I1206 11:09:49.013492 1 main.go:121] Received NotifyRegistrationStatus call: &RegistrationStatus{PluginRegistered:true,Error:,}
pvc
Normal WaitForFirstConsumer 2m9s persistentvolume-controller waiting for first consumer to be created before binding
Normal WaitForPodScheduled 22s (x8 over 2m7s) persistentvolume-controller waiting for pod zaal-nats-2 to be scheduled
pod
Events:
Type Reason Age From Message
---- ------ ---- ---- -------
Warning FailedScheduling 2m29s default-scheduler 0/3 nodes are available: 3 node(s) did not have enough free storage. preemption: 0/3 nodes are available: 3 Preemption is not helpful for scheduling..
storageclass:
allowVolumeExpansion: true
allowedTopologies:
- matchLabelExpressions:
- key: kubernetes.io/hostname
values:
- uca1k
- uca2k
- uca3k
apiVersion: storage.k8s.io/v1
kind: StorageClass
metadata:
annotations:
kubectl.kubernetes.io/last-applied-configuration: |
{"allowVolumeExpansion":true,"allowedTopologies":[{"matchLabelExpressions":[{"key":"kubernetes.io/hostname","values":["uca1k","uca2k","uca3k"]}]}],"apiVersion":"storage.k8s.io/v1","kind":"StorageClass","metadata":{"annotations":{"storageclass.kubernetes.io/is-default-class":"true"},"name":"lv"},"parameters":{"compression":"off","dedup":"off","fstype":"zfs","poolname":"lv","recordsize":"128k"},"provisioner":"zfs.csi.openebs.io","volumeBindingMode":"WaitForFirstConsumer"}
creationTimestamp: "2023-12-04T13:13:20Z"
name: lv
resourceVersion: "4198060"
uid: 3f0fb9ec-073e-4cf9-bb58-f13f16a67031
parameters:
compression: "off"
dedup: "off"
fstype: zfs
poolname: lv
recordsize: 128k
provisioner: zfs.csi.openebs.io
reclaimPolicy: Delete
volumeBindingMode: WaitForFirstConsumer
aep@stark: /work/kraud/ansible/uca/k8s
zpool on the nodes
root@uca2k ~]$ zpool status
pool: lv
state: ONLINE
scan: scrub repaired 0B in 00:00:02 with 0 errors on Sun Dec 10 00:24:03 2023
config:
NAME STATE READ WRITE CKSUM
lv ONLINE 0 0 0
nvme0n1 ONLINE 0 0 0
df:
root@uca2k ~]$ df -h
Filesystem Size Used Avail Use% Mounted on
udev 7.8G 0 7.8G 0% /dev
tmpfs 1.6G 5.3M 1.6G 1% /run
/dev/vda1 98G 20G 74G 21% /
tmpfs 7.9G 0 7.9G 0% /dev/shm
tmpfs 5.0M 0 5.0M 0% /run/lock
lv 2.4T 128K 2.4T 1% /lv
the root cause might be this?
kubectl get zfsnodes -A
No resources found
not sure how these are supposed to be created. the manual doesnt mention that
just ran into this again on a different cluster
however, its caused by the same deployment. cockroachdb is creating an sts with 3 replicas.
when switching to immediate mode i get
zfs.csi.openebs.io_openebs-zfs-controller-0_d1de8468-f6e7-4e62-bf75-f001a7229b53 failed to provision volume with StorageClass "lv-im": rpc error: code = Internal desc = scheduler failed, node list is empty for creating the PV
possibly the root cause is still the same.
the openebs-zfs-node daemonset creates 3 node pods, but i only have 2 zfsnodes
i tried creating the missing zfsnode by hand, but that didnt help.
recreating the entire operator will result in exactly those 2 zfsnodes coming back, missing the 3rd again.

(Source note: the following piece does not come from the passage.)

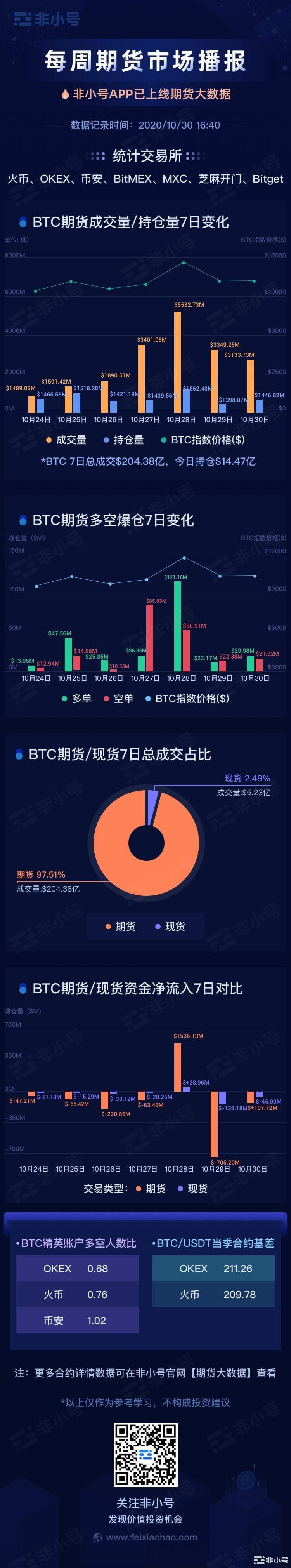 BTC期货7日总成交$204.38亿,环比增长38%,今日持仓量达$14.47亿;7日多单总爆仓$2.97亿,环比增长494%;7日空单总爆仓$2.38亿,环比下降33%。其中,多单爆仓主要集中在10月28日,爆仓量达$1.21亿,当日BTC下跌至13070附近,振幅达800美元。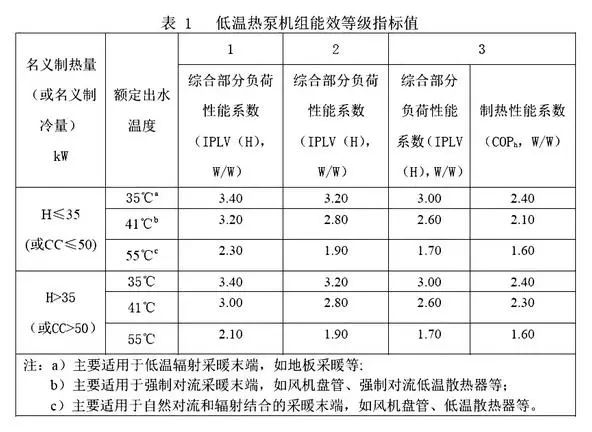 這項標準要求低溫熱泵機組能效等級依據(jù)性能系數(shù)的大小確定,依次分成1、2、3三個等級,1級表示能效最高。根據(jù)產(chǎn)品的名義制熱量、額定出水溫度,確定產(chǎn)品的類別;依據(jù)表1判定該類別產(chǎn)品的額定能效等級。對于產(chǎn)品涵蓋不同額定出水溫度工況時,應測試每個額定出水溫度工況下的能效指標,應均不小于表1中能效等級所對應的指標規(guī)定值。

so whatever it is, its sticky.
finally figured out the missing zfsnode!
i completely missed that kubectl logs gives you only the first containers logs, but the actually interesting log is from openebs-zfs-plugin.
E0317 11:59:48.110538 1 zfsnode.go:279] error syncing 'zfs-localpv/ecl1h': cannot get free size for pool lv@syncoid_ecl1h_2024-03-12:03:14:55-GMT00:00: strconv.ParseInt: parsing "-": invalid syntax, requeuing
this is because the zpool has listsnapshots=on.
when setting it to off, it now stops erroring and has created the missing zfsnode
unfortunately this has nothing to do with the original issue here. the pods are still not scheduled.
none of the logs i looked at indicate that zfs-localpv even looked at the pvc. likely its waiting for the pods to bind, but the pod is waiting for the pv to appear before scheduling, so its deadlocked.